Ford recently announced the acquisition of Michigan Central Station, an iconic former train station and the city’s 18-story Beaux-Arts Classical landmark. The Detroit complex will be outfitted within Michigan Central Station. The restoration plan will include the opening of mixed-use amenities across the first-floor concourse including dining and retail. The 500,000-square-foot structure will be rounded out with offices for Ford and its partner companies.

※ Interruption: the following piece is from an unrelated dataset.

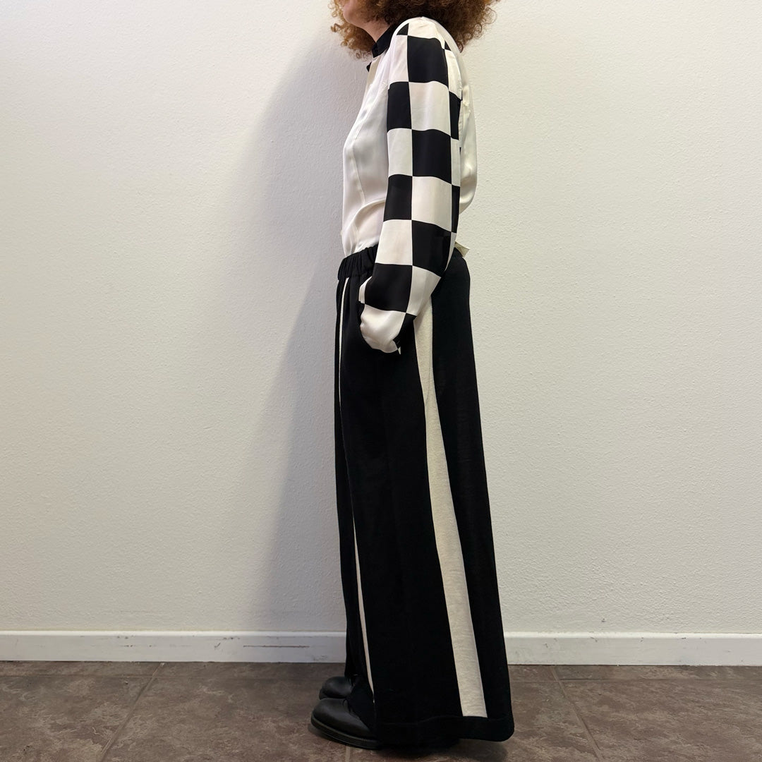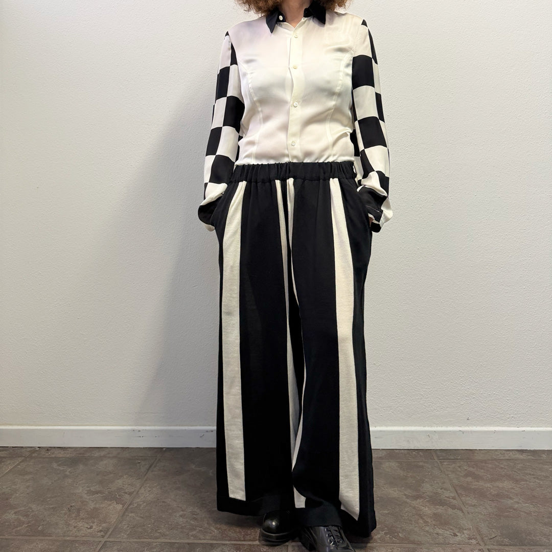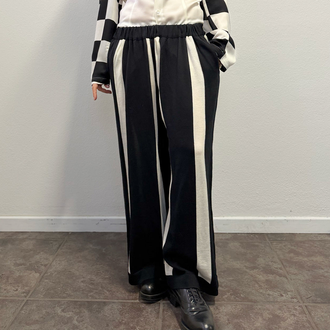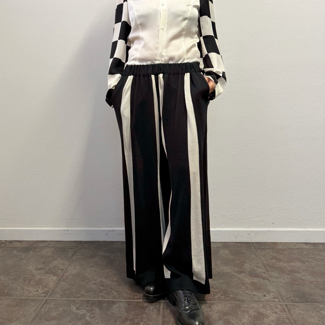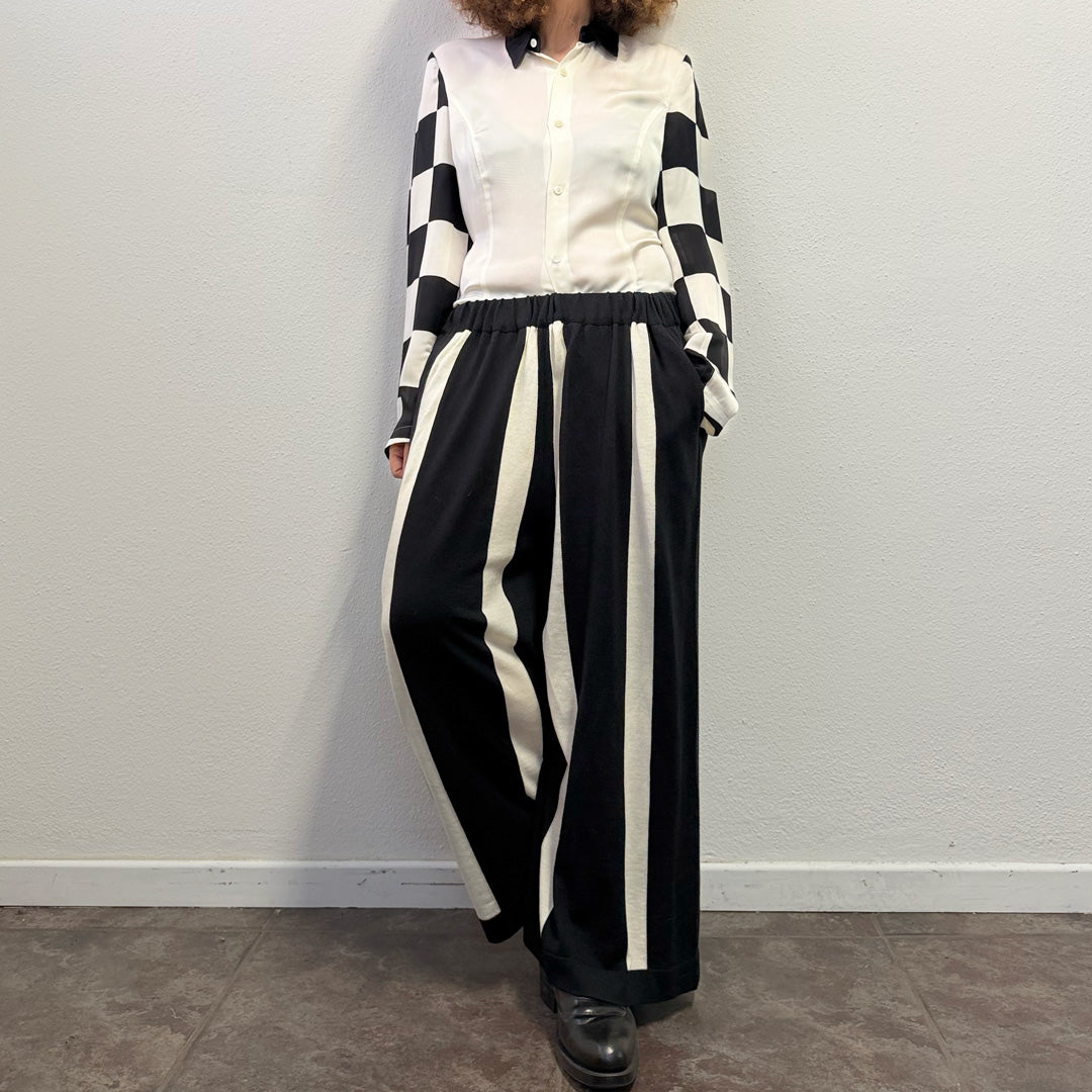 Pantaloni a righe verticali bianche e nere, realizzati in 100% fresco lana merino, leggeri e traspiranti, perfetti per la mezza stagione e per un look elegante ma versatile.

The entire Corktown Campus is expected to total 1.2 million square feet.
“Michigan Central Station is a place that in many ways tells the story of Detroit over the past century,” according to Bill Ford, the company’s executive chairman. “We at Ford want to help write the next chapter, working together in Corktown with the best startups, the smartest talent, and the thinkers, engineers and problem-solvers who see things differently – all to shape the future of mobility and transportation.”
The acquisition of Michigan Central Station comes alongside the company’s purchase of the former Detroit Public Schools Book Depository, two acres of vacant land, the site of an old brass factory and the recent purchase of a refurbished former factory in Corktown, now home to Ford’s electric vehicle and autonomous vehicle business teams.
Forecasted to debut in 2022, the Corktown project is currently its early planning stages, while the conceptual design for the Dearborn campus is slated for completion by the end of this year.